- _ASSIGNED TASK_
The output is a word-for-word repeat of the listing below, free of images.

- _AVAILABLE DATA_
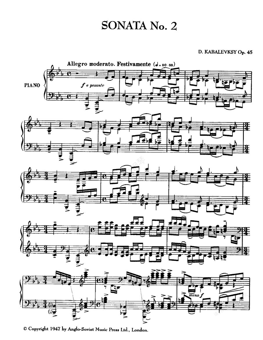 降E大调第二钢琴奏鸣曲 Piano No.2 in E flat Major Op.45卡巴列夫斯基是一位技艺精湛的钢琴家,他的钢琴作品很多,其中钢琴奏鸣曲共有三首,《第一钢琴奏鸣曲》Op.6 是在音乐学院学习时的作品,几乎没有人知晓,但是他的第二、第三钢琴奏鸣曲却是经常被演奏的作品。这部《降E大调第二钢琴奏鸣曲》Piano No.2 in E flat Major Op.45 ,作于1945年,其中的钢琴技巧非常充实,与同时期的普罗科菲耶夫的奏鸣曲并称为苏联音乐中的钢琴奏鸣曲典范。第一乐章,中庸的快板,欢乐地,降E大调,4/4拍,自由奏鸣曲式。创作此曲的1945年,正是苏联在第二次世界大战赢得胜利的一年,作品中拥有反映战争胜利的气息。开始由左手呈现的降E大调主和弦续接的第一主题形成如教会钟声般的音响。华丽地第一主题以渐快的速度形成高潮后,在D大调出现沉静的第二主题。展开部是甚快板,降e小调,开始左手在最低音部奏出断奏的分解和弦音形,右手也活动在低音区,这里展开的主题没有多大关系。之后再转为歌唱般的情绪,呈现类似第二主题发展的音形。随后速度变慢,进入再现部。第二乐章,行板,b小调,3/4拍,三部曲式。在4小节的引子之后,呈示出主部主题。中间部分在g小调,速度转快,清晰的旋律及其变形逐渐加强形成高潮,最后是带有华丽琶音装饰的再现。第三乐章,甚快板,降e小调,2/4拍,自由回旋曲式。在坚强并带有跃动感的引子之后,呈现活泼的回旋曲主要主题。第一插部主题为F大调,民歌风的旋律在分解和弦的伴奏下奏出,随后是强有力的突进。第二插部主题是降A大调,高亢地呈现出来,左手在七和弦上加重音,这是一个长大的乐段。最后乐曲在降E大调的和弦上结束。
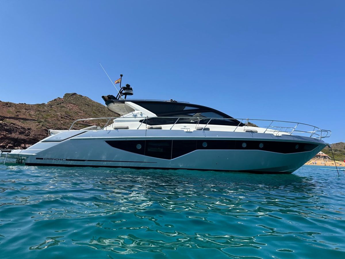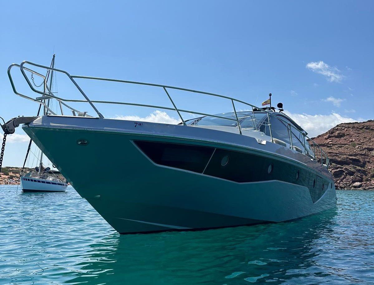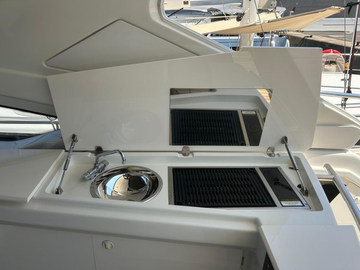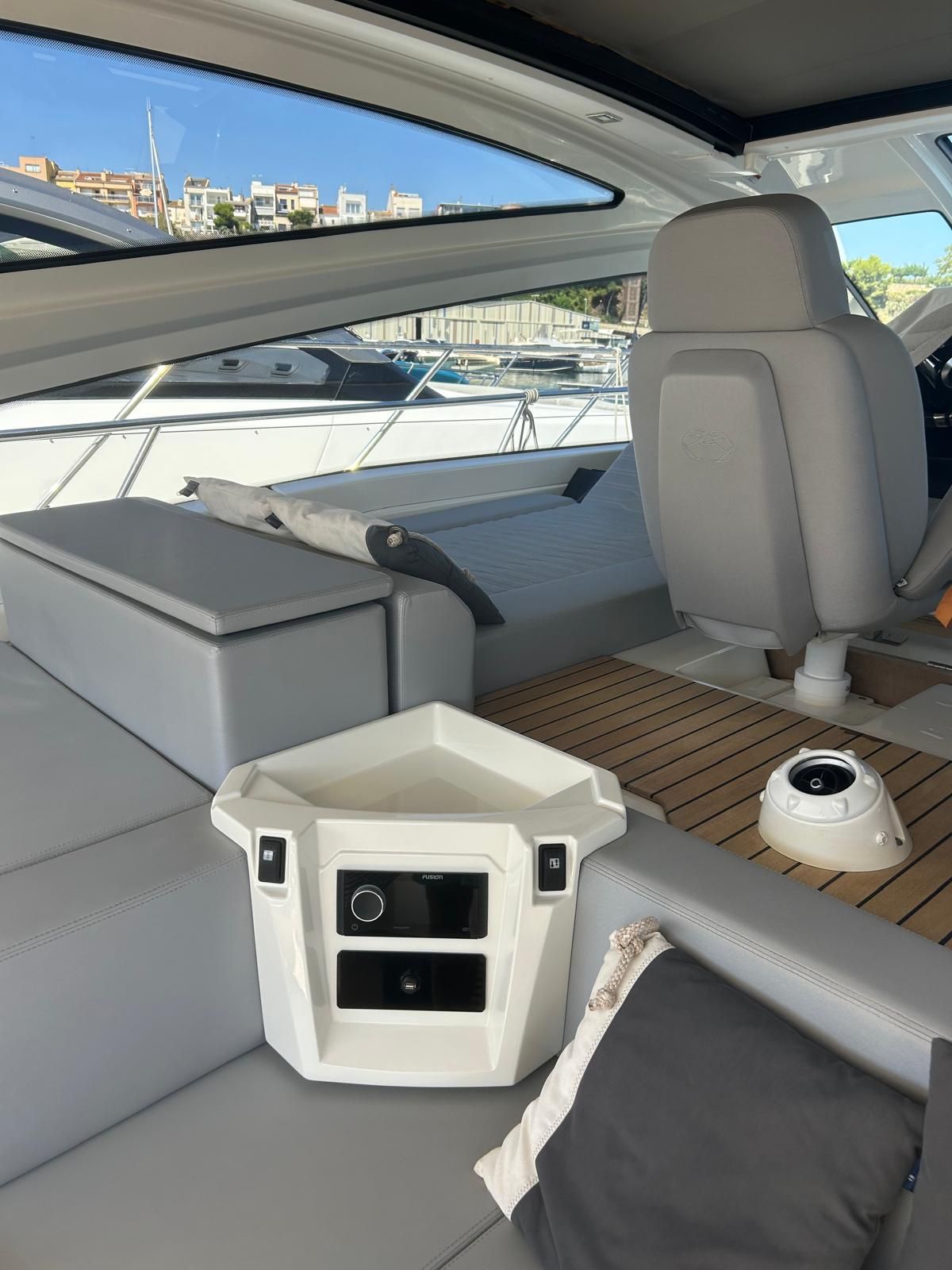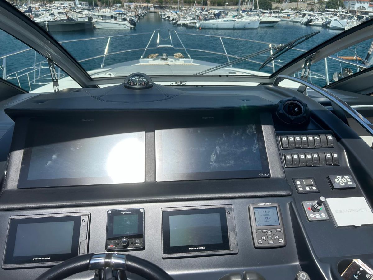 Hard top negro – Kit molinete para varada neumática auxiliar – Sistema de mandos Joystick – Dirección electrónica y mandos motores electrónicos – Aire acondicionado 48.000 BTU en camarotes y 24.000 BTU en bañera, con bomba de calor – Camarote de marinero con WC y lavabo – Capota cámper – Solárium de popa con funda – Cajafuerte electrónica – Correctores de planeada Automatic Trim Control – Hélice de proa – Faro pirata – Suplemento generador de 13 a 20 kW – Frigorífico en bañera 65 l – Barbacoa eléctrica en bañera – Máquina de hielo – Mesa bañera en teka – Luces de proa y luces subacuáticas – Pasarela hidráulica telescópica retráctil – Molinete eléctrico, cadena y ancla Ultramarine de inox – Radio Bluetooth/USB en salón – Radio Bluetooth/USB en cabina armador – Radio Bluetooth/USB en bañera y a proa – Estabilizador giroscópico Seakeeper 6 – Plataforma de popa hidráulica – Bañera, plataforma de popa y trancaniles en teka – Cortina eléctrica parasol de popa – TV LED 28″ en bañera con dispositivo eléctrico retráctil – 2 Molinetes de popa para amarre – Toma de puerto 220 V – Suelo interior de roble – Horno combinado con microondas – Lavavajillas – Encimera vitrocerámica con 4 fuegos – Tapicería exterior Silvertex color plata – Casco, plataforma, parte de la cubierta y garaje de color gris medusa – 2 GPS/Plotter – VHF – Ecosonda (temperatura y profundidad) – Piloto automático – 2 Camarotes dobles y 1 camarote individual – 2 Baños completos – Depósito de aguas negras – Calentador de agua 40 l – Cargador de baterías – Flaps de lamas Interceptor Humphree – Ducha de popa y de proa – Antifouling.
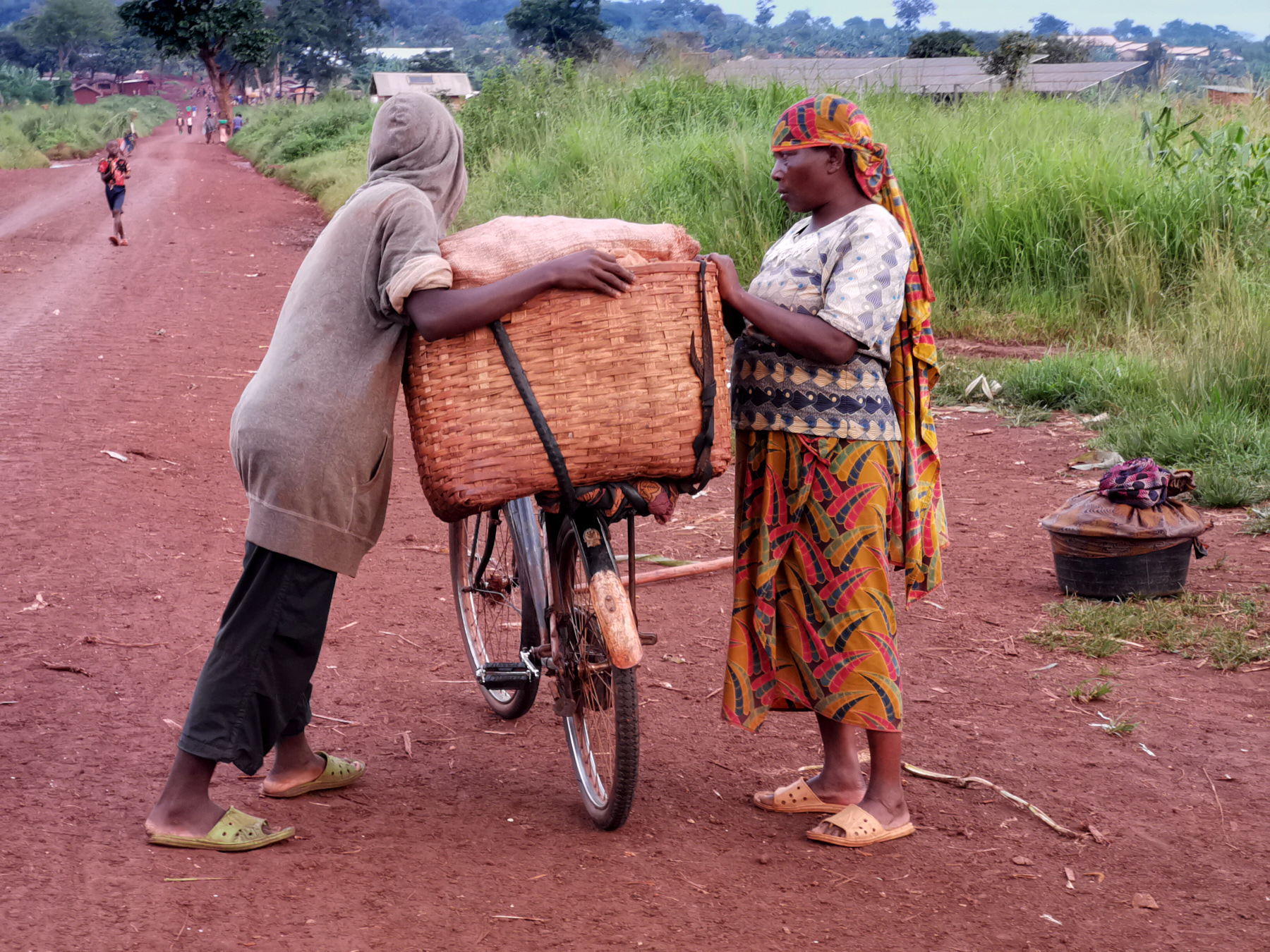 In this photo, two women and a boy are returning from the field which is located a few kilometers from the Nyarugusu refugee camp, this field is in the village where the Tanzanians live, they left to buy tomatoes and other food from the farmer. This goods will be sold tomorrow in a corner of the camp.
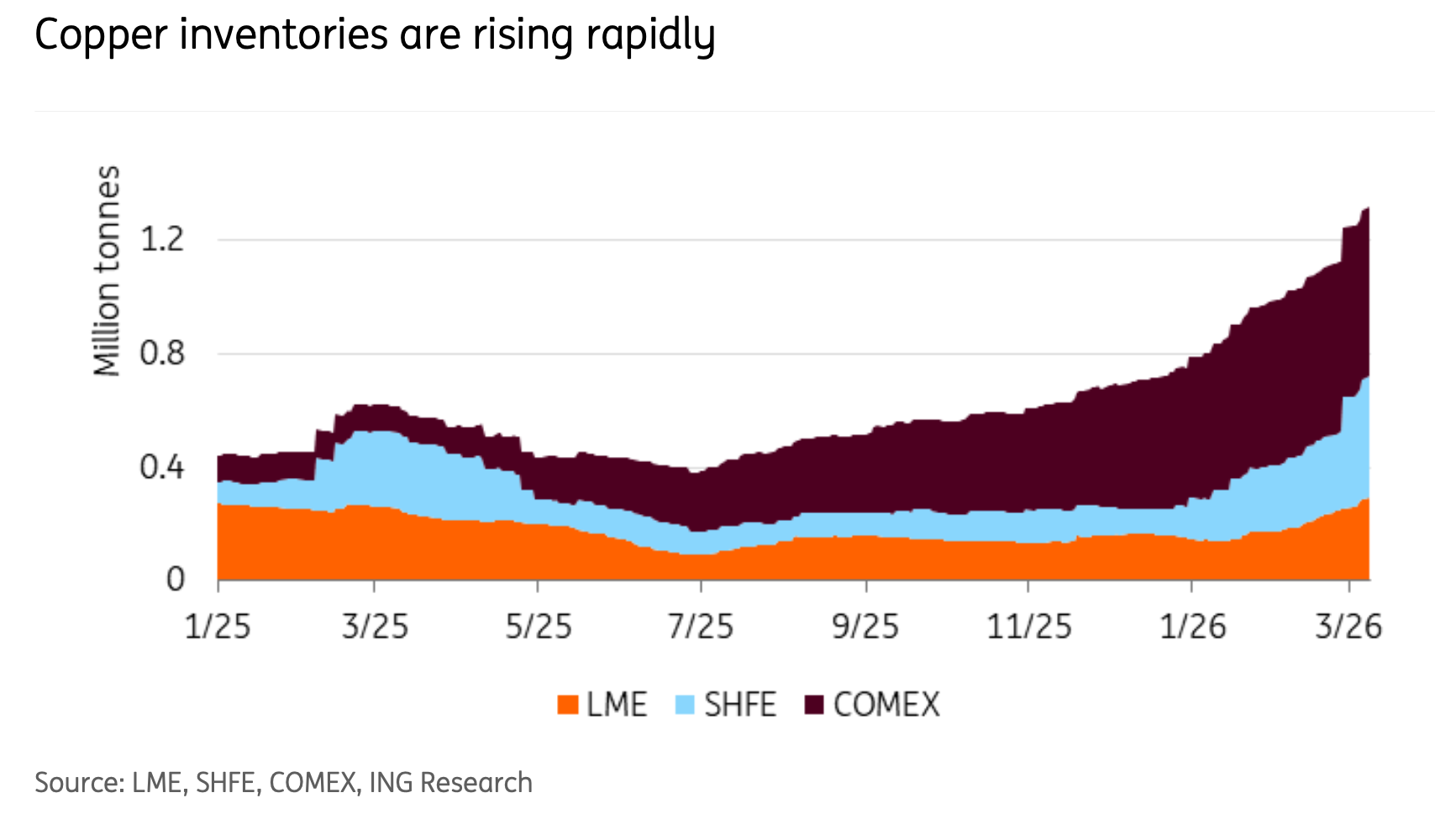 Per ING tutto questo sta ad indicare che l’equilibrio nel mercato del rame sta cambiando.

- _TASK RESPONSE_
 降E大调第二钢琴奏鸣曲 Piano No.2 in E flat Major Op.45卡巴列夫斯基是一位技艺精湛的钢琴家,他的钢琴作品很多,其中钢琴奏鸣曲共有三首,《第一钢琴奏鸣曲》Op.6 是在音乐学院学习时的作品,几乎没有人知晓,但是他的第二、第三钢琴奏鸣曲却是经常被演奏的作品。这部《降E大调第二钢琴奏鸣曲》Piano No.2 in E flat Major Op.45 ,作于1945年,其中的钢琴技巧非常充实,与同时期的普罗科菲耶夫的奏鸣曲并称为苏联音乐中的钢琴奏鸣曲典范。第一乐章,中庸的快板,欢乐地,降E大调,4/4拍,自由奏鸣曲式。创作此曲的1945年,正是苏联在第二次世界大战赢得胜利的一年,作品中拥有反映战争胜利的气息。开始由左手呈现的降E大调主和弦续接的第一主题形成如教会钟声般的音响。华丽地第一主题以渐快的速度形成高潮后,在D大调出现沉静的第二主题。展开部是甚快板,降e小调,开始左手在最低音部奏出断奏的分解和弦音形,右手也活动在低音区,这里展开的主题没有多大关系。之后再转为歌唱般的情绪,呈现类似第二主题发展的音形。随后速度变慢,进入再现部。第二乐章,行板,b小调,3/4拍,三部曲式。在4小节的引子之后,呈示出主部主题。中间部分在g小调,速度转快,清晰的旋律及其变形逐渐加强形成高潮,最后是带有华丽琶音装饰的再现。第三乐章,甚快板,降e小调,2/4拍,自由回旋曲式。在坚强并带有跃动感的引子之后,呈现活泼的回旋曲主要主题。第一插部主题为F大调,民歌风的旋律在分解和弦的伴奏下奏出,随后是强有力的突进。第二插部主题是降A大调,高亢地呈现出来,左手在七和弦上加重音,这是一个长大的乐段。最后乐曲在降E大调的和弦上结束。
 Hard top negro – Kit molinete para varada neumática auxiliar – Sistema de mandos Joystick – Dirección electrónica y mandos motores electrónicos – Aire acondicionado 48.000 BTU en camarotes y 24.000 BTU en bañera, con bomba de calor – Camarote de marinero con WC y lavabo – Capota cámper – Solárium de popa con funda – Cajafuerte electrónica – Correctores de planeada Automatic Trim Control – Hélice de proa – Faro pirata – Suplemento generador de 13 a 20 kW – Frigorífico en bañera 65 l – Barbacoa eléctrica en bañera – Máquina de hielo – Mesa bañera en teka – Luces de proa y luces subacuáticas – Pasarela hidráulica telescópica retráctil – Molinete eléctrico, cadena y ancla Ultramarine de inox – Radio Bluetooth/USB en salón – Radio Bluetooth/USB en cabina armador – Radio Bluetooth/USB en bañera y a proa – Estabilizador giroscópico Seakeeper 6 – Plataforma de popa hidráulica – Bañera, plataforma de popa y trancaniles en teka – Cortina eléctrica parasol de popa – TV LED 28″ en bañera con dispositivo eléctrico retráctil – 2 Molinetes de popa para amarre – Toma de puerto 220 V – Suelo interior de roble – Horno combinado con microondas – Lavavajillas – Encimera vitrocerámica con 4 fuegos – Tapicería exterior Silvertex color plata – Casco, plataforma, parte de la cubierta y garaje de color gris medusa – 2 GPS/Plotter – VHF – Ecosonda (temperatura y profundidad) – Piloto automático – 2 Camarotes dobles y 1 camarote individual – 2 Baños completos – Depósito de aguas negras – Calentador de agua 40 l – Cargador de baterías – Flaps de lamas Interceptor Humphree – Ducha de popa y de proa – Antifouling.
 In this photo, two women and a boy are returning from the field which is located a few kilometers from the Nyarugusu refugee camp, this field is in the village where the Tanzanians live, they left to buy tomatoes and other food from the farmer. This goods will be sold tomorrow in a corner of the camp.
 Per ING tutto questo sta ad indicare che l’equilibrio nel mercato del rame sta cambiando.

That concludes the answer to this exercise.